Diversos sentimientos invaden su ser;
emocionado por la infinidad de posibilidades frente a sus ojos, poderoso, por creer
tener dinero suficiente para comprar todo lo deseado, feliz de no tener pareja
en quien gastar, ansioso por comprar. Recordó los llaveros y encargos
prometidos, y por terminó por sentirse frustrado y molesto, por no haber traído
desde México una maleta más grande.
La calidez de
aquel lugar se empieza a hacer manifiesta, retira bufanda, guantes y gorro. Se
percata que el frío sigue en la punta de su nariz, toquetea la protuberancia del
rostro y mira hacia un espejo colocado especialmente para que los clientes se
decidan entre las miles opciones de los coloridos lentes. Su pupila dilata al
sentir deseo por probarlos todos, tras una breve pausa, ignora su instinto y
continua.
Un hermoso
juego de té color barro llama su atención. Seguro su madre amaría algo así, la
cree conocer bien. ¿Tal vez, sea mejor algo más pequeño? Algo transportable,
además no es el tipo de cosas que su ocupada progenitora pueda o quiera usar
más de 10 veces en la vida. La caja en
que viene es de madera color cobre y dentro recubierta de brillante satín que destaca
las diminutas tazas, debe ser carísima, se decía, mientras inconscientemente,
pregunta lo más claro posible, por el
precio en inglés.
No se da cuenta que está dando el primer paso
a el submundo de Asia, que, con esa frase declara la guerra e iniciaba la
primera de sus batallas, para ganar la estratagema del mejor y más justo
precio.
Doscientos Yuanes
mi amigo, ¿de dónde nos visitas? contestó el encargado del pintoresco lugar. Sonriente, por el inesperado
y asequible precio, se imaginó comprando un juego de té para sí también, contestó
a la pregunta. En ese momento Jo interrumpe la plática y dice al oído de Luigi, en un susurro apenas
audible; deja que Kev haga el trato. Recordó la advertencia que su jefe hizo días
atrás, “siempre regatea”.
Kev, el alegre
joven de nerviosa sonrisa, se acerca al vendedor de forma un tanto grosera, vocifera palabras ininteligibles, casi chillonas,
Luigi sonríe al recordar la cantante de ópera. Pasados unos segundos Jo continua
susurrando a su oído. Kev dice que intenta robarte porque eres extranjero. El
vendedor se molesta de inmediato. Kev eleva el tono, Jo sonríe y comenta, el
hombre está pidiendo que des el precio que consideres justo. ¿Cualquier precio?
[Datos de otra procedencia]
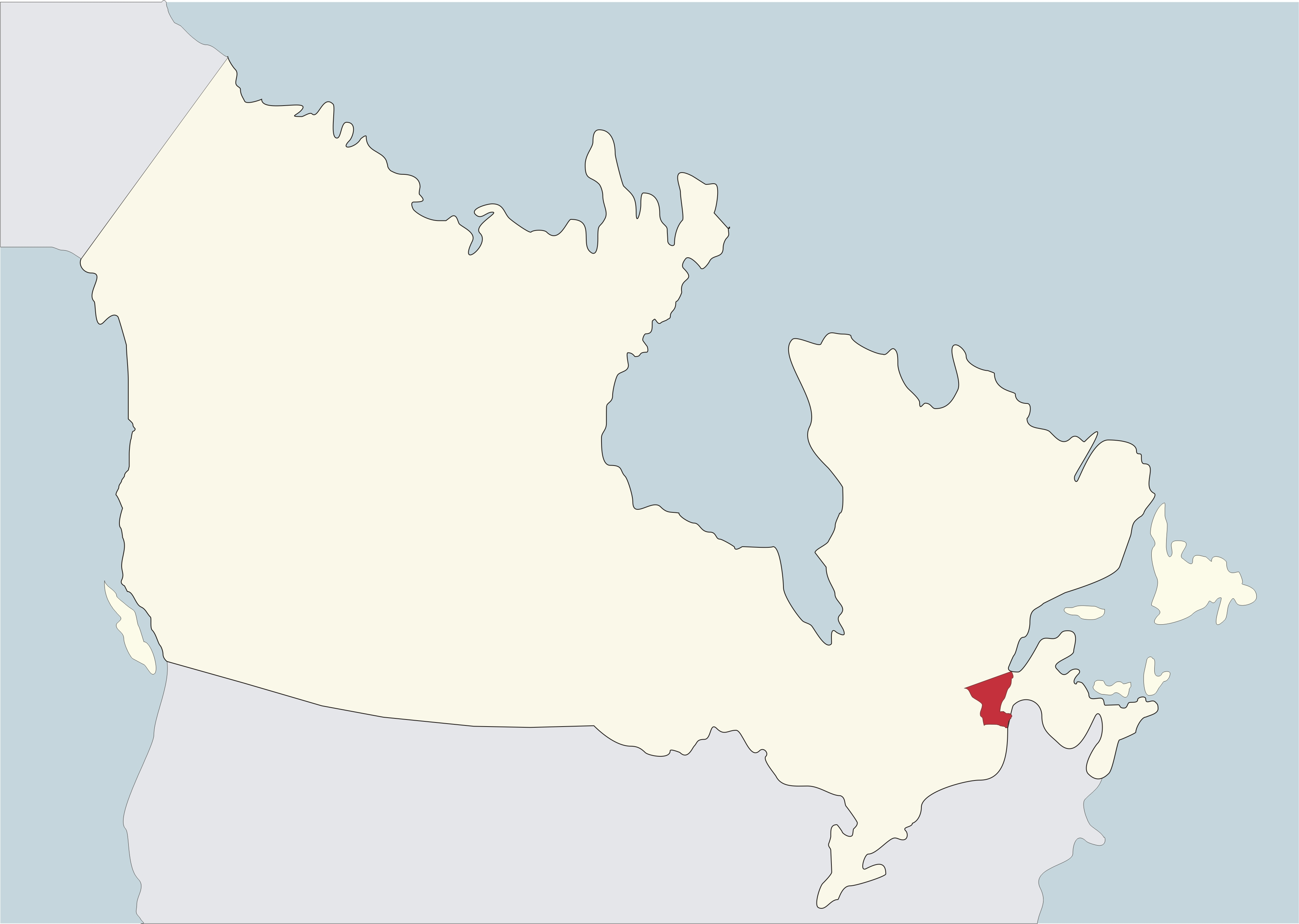 Map of the Roman Catholic Archdiocese of Quebec in Canada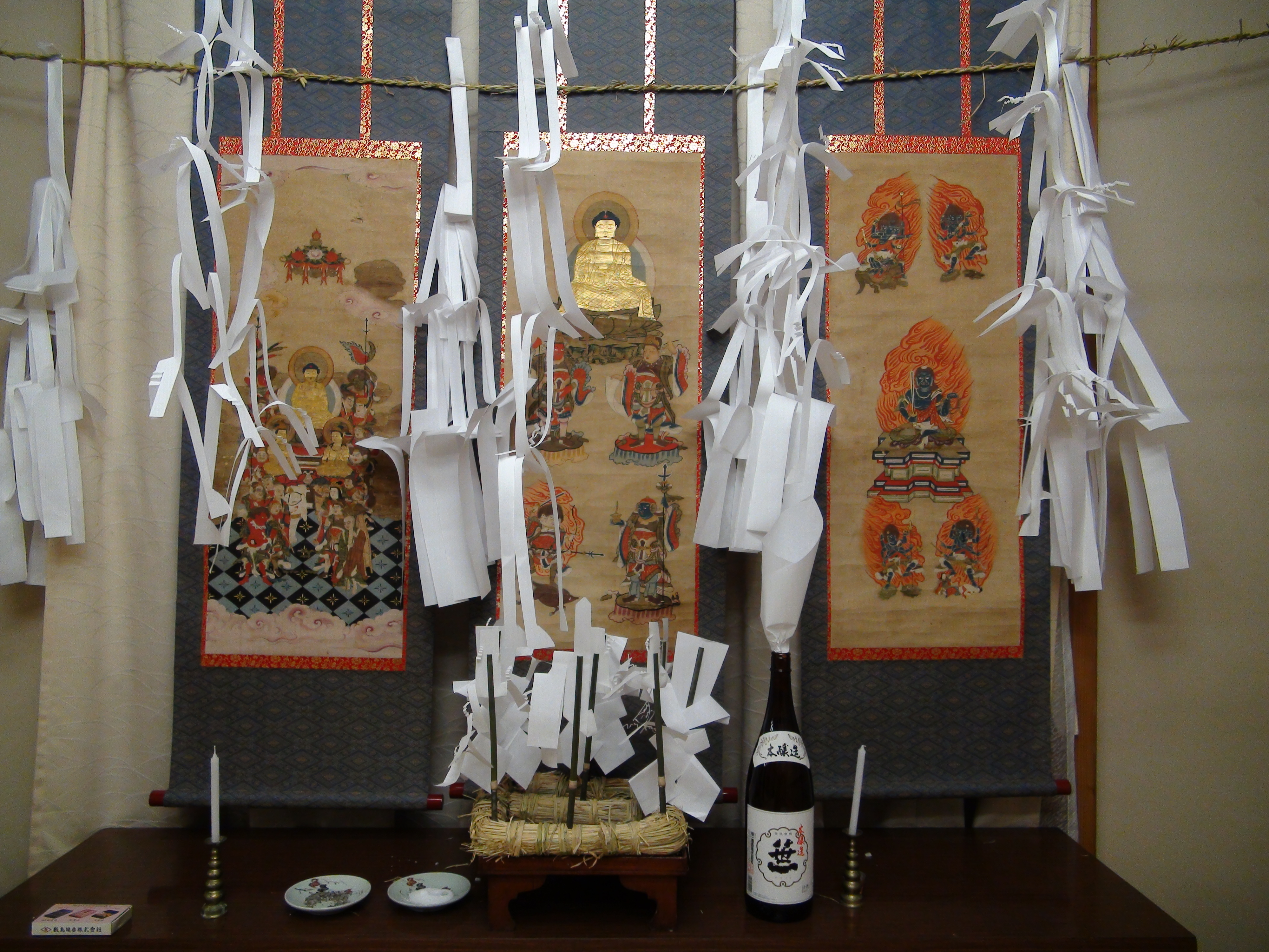 Mushono-Dainembutsu dance hanging scroll of ritual(a dance with an invocation to the Buddha)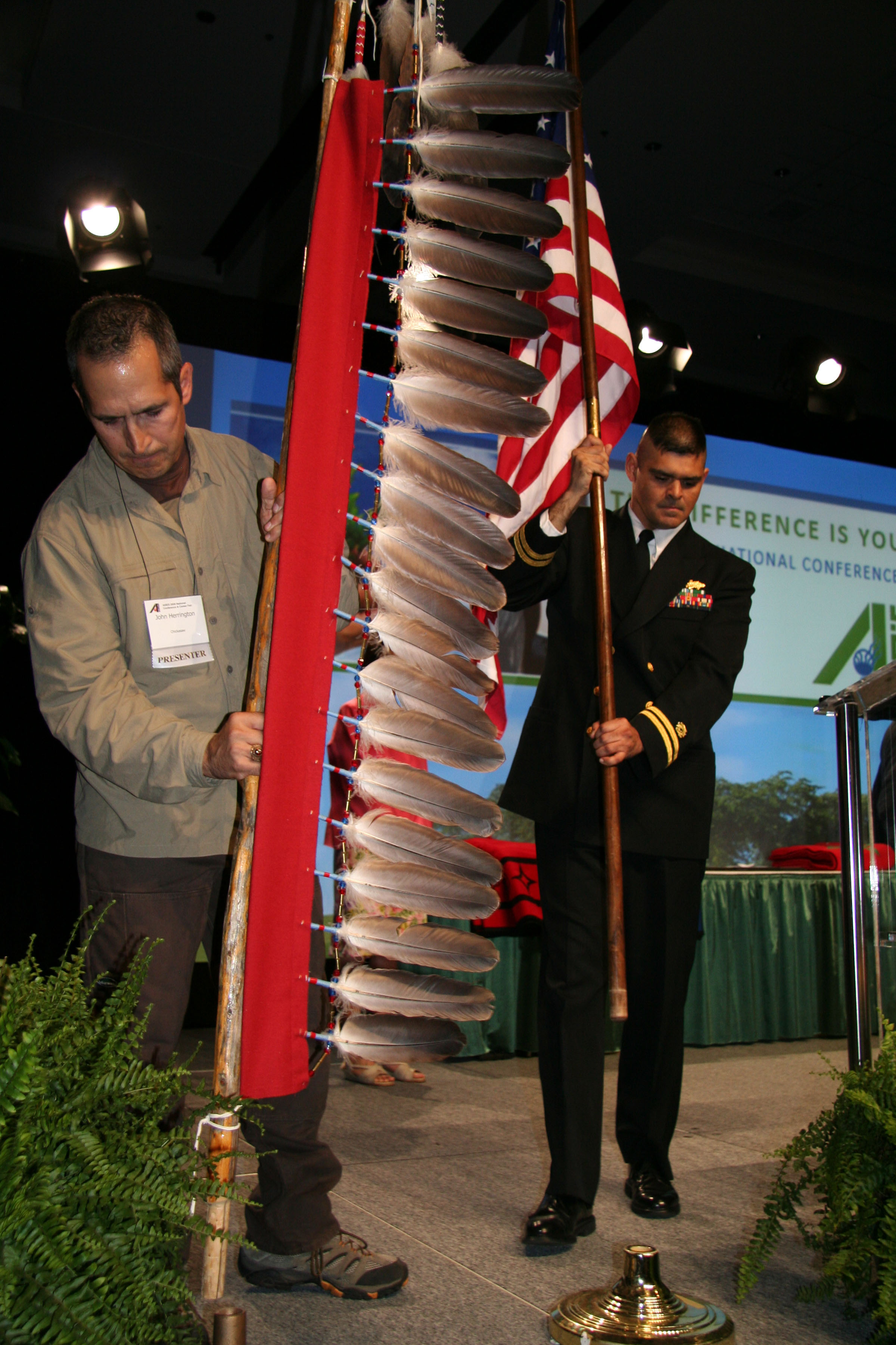 PORTLAND, Ore. (Oct. 29, 2009) Former NASA Astronaut and retired Cmdr. John Herrington, left, presents the Eagle Staff while First Naval Construction Division Budgeting and Planning Officer Lt. Ken Vargas, right, presents the American flag during the presentation of colors at the opening ceremony of the American Indian Science and Engineering Society National Conference at the Oregon Convention Center. Herrington, the first American Indian in space is a member of the Chickasaw nation, and Vargas, is member of the Oklahoma Band Choctaw. The AISES mission is to substantially increase the representation of American Indian and Alaskan Natives in engineering, science and other related technology disciplines. (U.S. Navy photo by Mass Communication Specialist 2nd Class Lily Daniels/Released)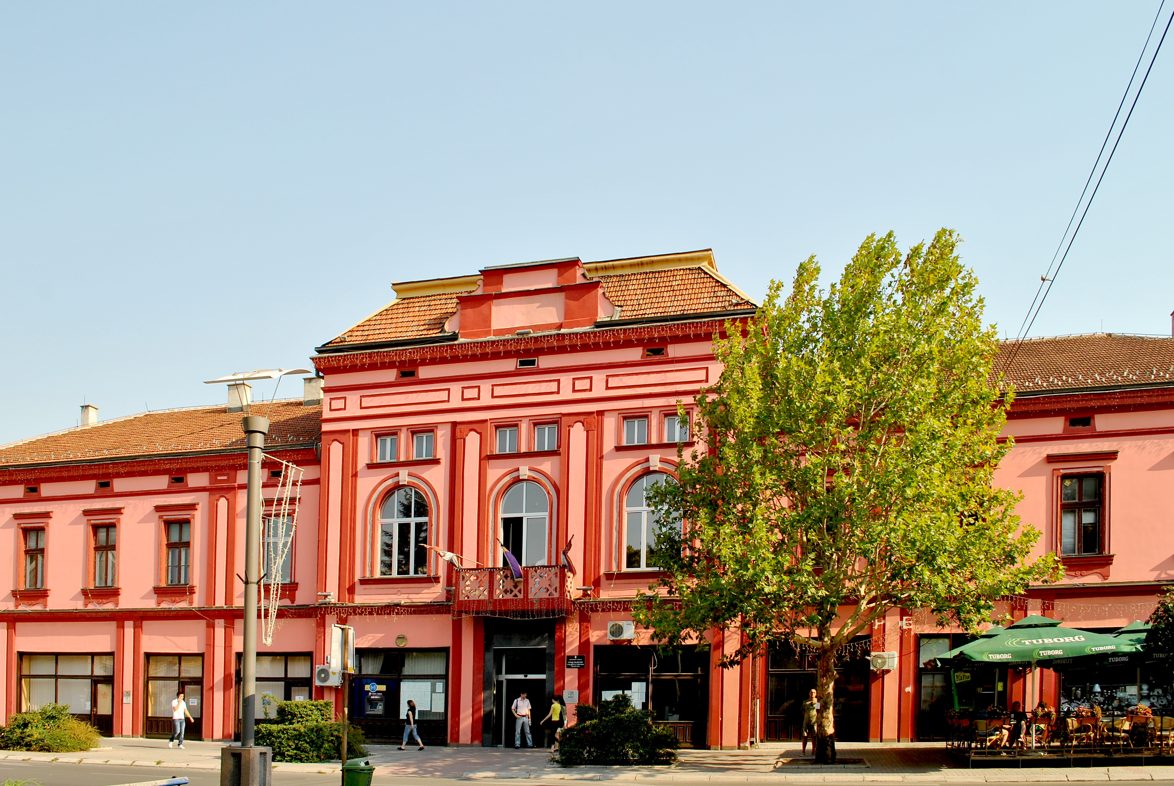 СК 996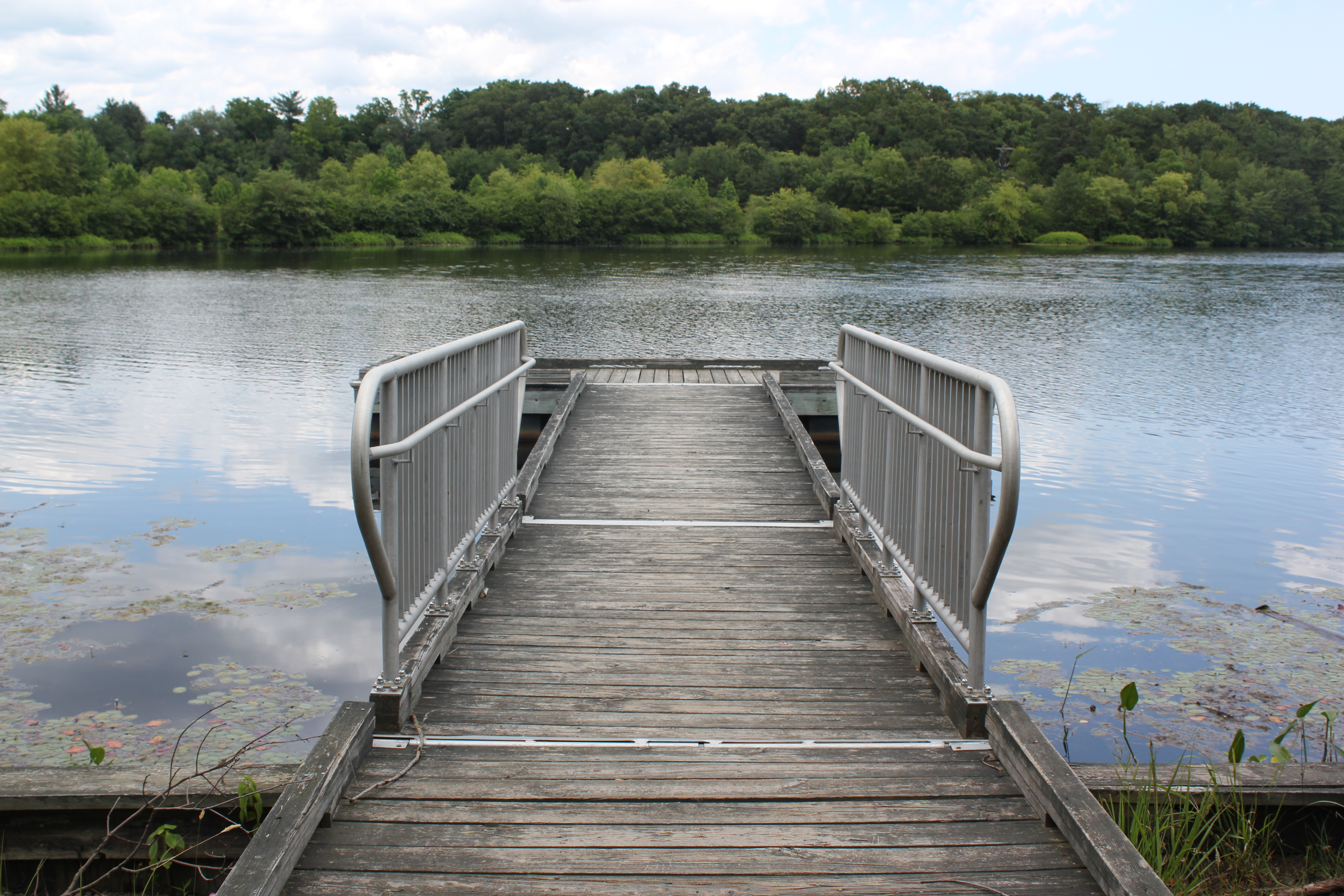 Gangway at Lake Shenandoah, Lakewood, New Jersey.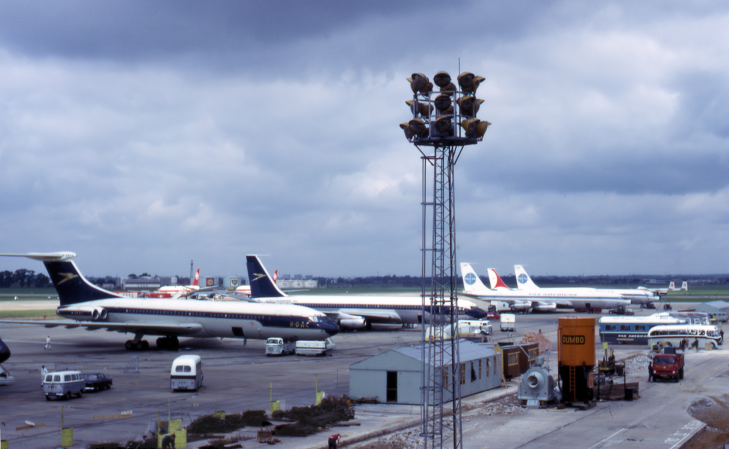 London Heathrow Airport in 1965. Nearest the camera are two BOAC aircraft – a Vickers VC10 (with the high tail) and a Boeing 707. Then two PanAm 707s. (Between them I think there’s an Air India 707) The aircraft vaguely seen in the distance, on the far right, is a BEA Argosy (with twin booms). On the left in the background are two Air Canada DC-8's.

Preguntó el foráneo confundido. Lo justo, contestó Jo. Dudoso, estimó ciento
cincuenta Yuanes, Jo expuso la propuesta a kev, este último compartió un par de
palabras más, se dio la vuelta victoriosamente sonriente y dijo a manera de
secreto, son ciento veinte Yuanes. Acto
seguido, Kev se aleja para ver más de cerca un gato cerámico blanco que mueve
la pata rítmicamente junto a su cabeza.
Confundido, saca el dinero, paga y toma la
bolsa que contiene el hermoso y cobrizo empaque, se marcha con un sentimiento extraño, de
culpa, de hurto ¿en realidad hizo algo malo? Pasaron solo unos segundos, para
que Jo hablara de lo sucedido. Kev bajó la oferta a cien Yuanes, el vendedor
contrapropuso ciento treinta y Kev a su vez, bajó de nuevo a ciento veinte. En
todos los puestos será necesario regatear, explicó Jo; los vendedores son
ladrones, malas personas, quieren abusar del pobre e indefenso extranjero y debemos
acabar con sus ganancias por nuestro propio bien y salvación (en realidad no
fue tan explícita, pero eso fue lo que entendió Luigi).
Su guerrero
interno corre al closet y ahora viste un “Gung-fu saam” prenda de Kung fu y
regateo en mercados de baratija.
Pasados unas
cuantas compras, Luigi decide que es tiempo de defender su propia causa y pide
a Kev, le dé oportunidad de hacer la transacción él sólo, así pues, nuestro
valiente guerrero, se acerca a comprar una bocina, olvidando todos sus modales,
simplemente se acerca y dice, ¿Cuánto? La coqueta y tímida tendera, responde
con premura una cantidad por encima de los cuatrocientos Yuanes.
El gesticuloso
joven hace una sobre actuada mueca de horror y contesta, ciento cincuenta,
mientras modifica su expresión a una retadora. Jo lo mira, se acerca y dice en
su español de marcado acento; mucho, no querrá.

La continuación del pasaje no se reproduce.